[EXERCISE AIM] Using the data below, return word for word every line from the one holding "Под Оренбургом фургон" down to the one holding "Anya Taylor-Joy sa". Leave pictures out.
(EXERCISE DATA begins)
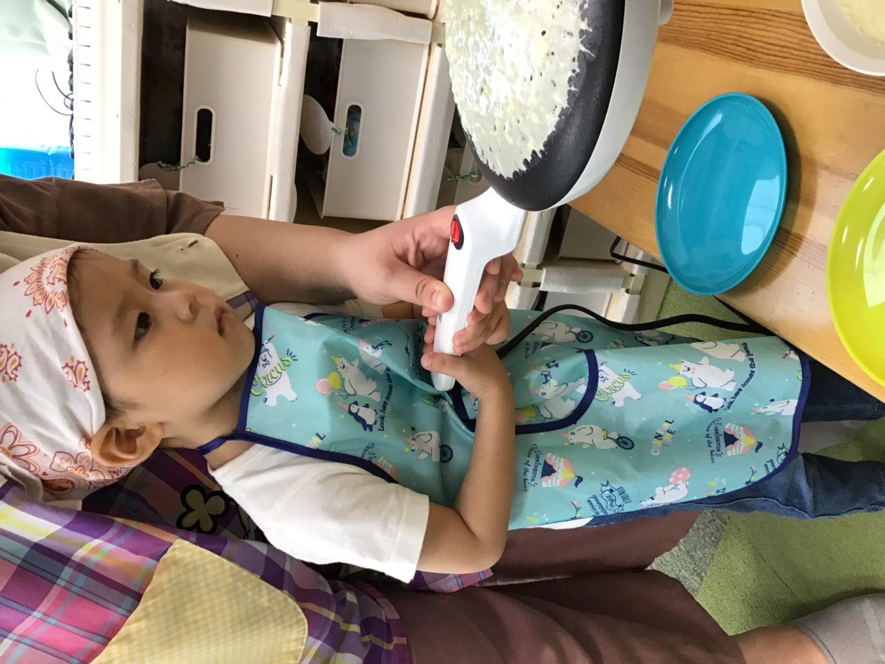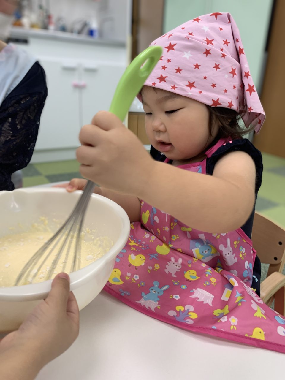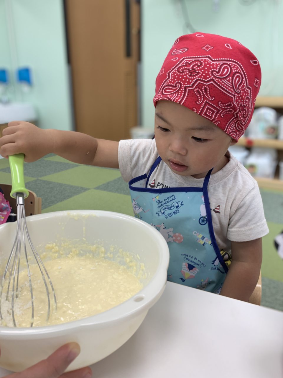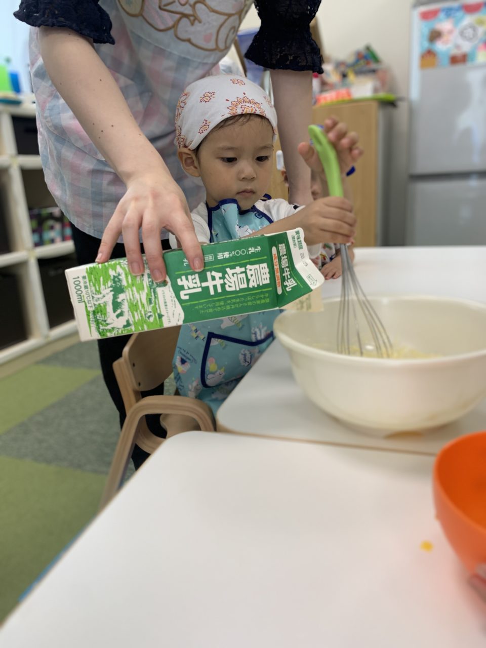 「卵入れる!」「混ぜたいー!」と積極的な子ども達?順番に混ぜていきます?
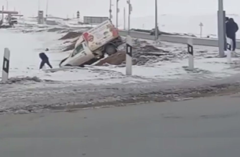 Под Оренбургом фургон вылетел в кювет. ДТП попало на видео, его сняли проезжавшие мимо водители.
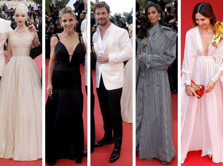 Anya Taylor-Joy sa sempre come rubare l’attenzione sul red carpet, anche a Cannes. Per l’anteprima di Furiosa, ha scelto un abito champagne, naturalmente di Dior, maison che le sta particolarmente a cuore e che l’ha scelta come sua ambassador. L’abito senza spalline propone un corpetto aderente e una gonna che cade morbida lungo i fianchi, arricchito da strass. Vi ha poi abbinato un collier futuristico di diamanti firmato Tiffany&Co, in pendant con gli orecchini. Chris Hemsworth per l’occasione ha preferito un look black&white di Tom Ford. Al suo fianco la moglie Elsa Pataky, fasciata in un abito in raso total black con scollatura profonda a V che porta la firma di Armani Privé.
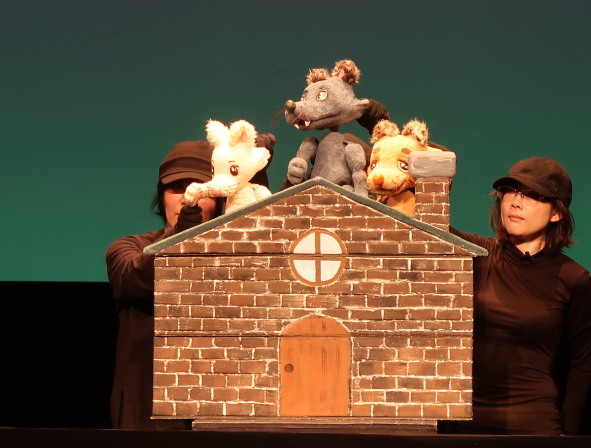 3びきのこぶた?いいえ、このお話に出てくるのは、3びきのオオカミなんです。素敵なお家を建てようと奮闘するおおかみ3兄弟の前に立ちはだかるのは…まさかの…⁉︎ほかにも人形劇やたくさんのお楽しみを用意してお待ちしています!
(EXERCISE DATA ends)
[FINISHED TASK]
 Под Оренбургом фургон вылетел в кювет. ДТП попало на видео, его сняли проезжавшие мимо водители.
 Anya Taylor-Joy sa sempre come rubare l’attenzione sul red carpet, anche a Cannes. Per l’anteprima di Furiosa, ha scelto un abito champagne, naturalmente di Dior, maison che le sta particolarmente a cuore e che l’ha scelta come sua ambassador. L’abito senza spalline propone un corpetto aderente e una gonna che cade morbida lungo i fianchi, arricchito da strass. Vi ha poi abbinato un collier futuristico di diamanti firmato Tiffany&Co, in pendant con gli orecchini. Chris Hemsworth per l’occasione ha preferito un look black&white di Tom Ford. Al suo fianco la moglie Elsa Pataky, fasciata in un abito in raso total black con scollatura profonda a V che porta la firma di Armani Privé.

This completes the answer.